Edgley entered the water with this in mind. Just like Rodger Bannister, he knew the naysayers doubted his ability to accomplish his goal — that he would sink to the bottom of the ocean like a stone. This is where he showed his resilience, his true metal. True resilience is not just the ability to bounce back from physical hardships, it’s also the tenacity to bounce back from mental adversity and criticism. Most research is done in a vacuum, examining one variable at a time. Yet the mind and the body work hand in hand. They are not two disparate systems but are inextricably interwoven. Your mind affects your body and your body affects your mind, each a part of the same closed system. Your brain has a lot to say about how your body runs. According to Edgley, your brain is a hypochondriac and babysits your body, censoring its every move so that it doesn’t hurt itself. As a result of this babysitting behaviour, the US Navy Seals have developed what they call the 40% Rule. It means the point your mind starts telling you to quit, pull the plug, or throw in the towel as you simply can’t go any further, is the point that you are only 40% done. You still have much more left in the tank, yet your mind has an uncanny ability to convince you that you don’t!
People quit far too soon
The body and the mind are incredibly resilient, yet most of us quit as soon as the first alarm bells start to ring telling us to stop. Of course, this doesn’t just happen in athletic pursuits — it happens in all aspects of life; we quit because we can’t bounce back. Granted there are times you have no bounce left because there is nothing in the tank. But in most cases, the tank is still relatively full, but our brain is telling us that we are running on empty.
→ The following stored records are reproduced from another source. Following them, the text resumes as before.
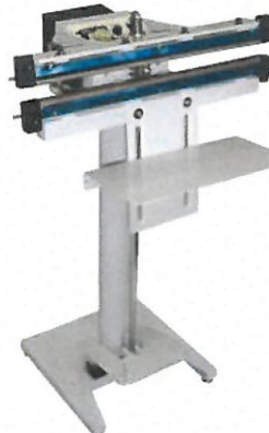
12", 18", 24" 5mm Double Foot Sealer
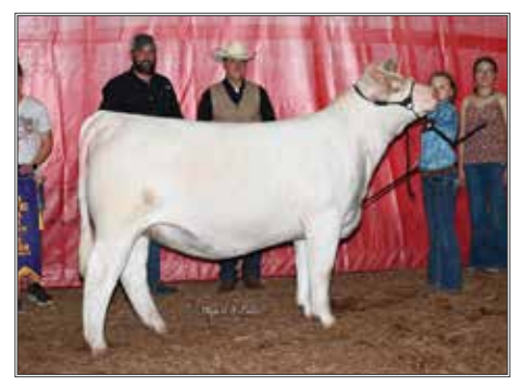
AC MS PEARL 2502 3/4 SISTER TO THE MOTHER OF LOT 40
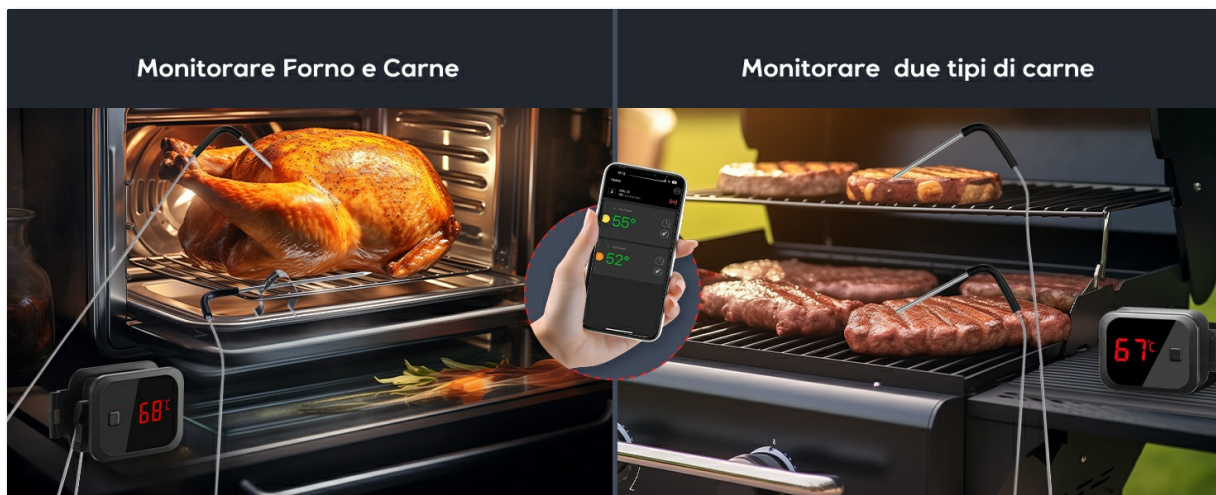
Image: The Inkbird IBT-2X thermometer in use, showing probes inserted into a chicken roasting in an oven and meat grilling on a barbecue.
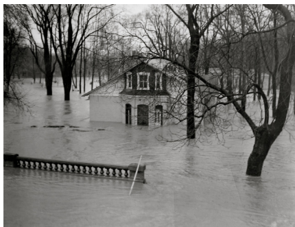
Covered baths in 1936 flood

Funding for the exhibit came from the WV Humanities Council and the Washington Heritage Trail.
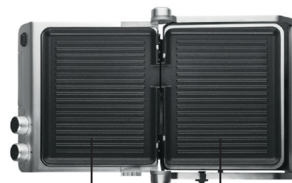
LOWER GRILL PLATE
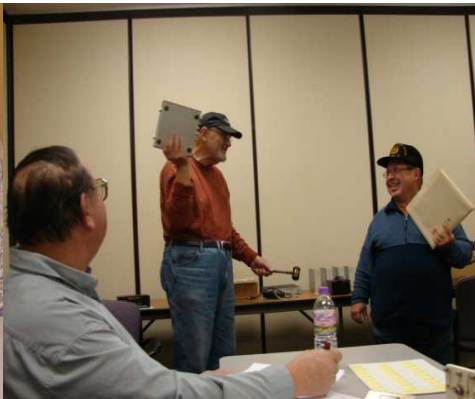
Auctioneers Will K9FO and Dan WA9WAQ in action

Edgley offers a solution to the problem. Essentially you need to reconfigure your brain so that it starts raising the alarm much later. You do this by slowly raising your tolerance to discomfit, hardship or difficulty. For instance:
- Gradually add more distance to your runs
- Slowly add more weight to your lifts
- Swim a little further each week
As you do this, your tolerance increases and you begin to set new limits for your body and mind. You do this slowly, so your brain doesn’t really notice; thus it is less likely to step in and censure you. As your tolerance for discomfort increases, so does your resilience. Your ability to bounce back improves, you develop a tougher mindset. You start to challenge yourself more, take on more audacious goals. After doing this long enough, you may be one of the only people on earth who can accomplish a particular challenge. You may be one of the elite who has the resilience to do the seemingly impossible, like swim around a country and live to tell the tale.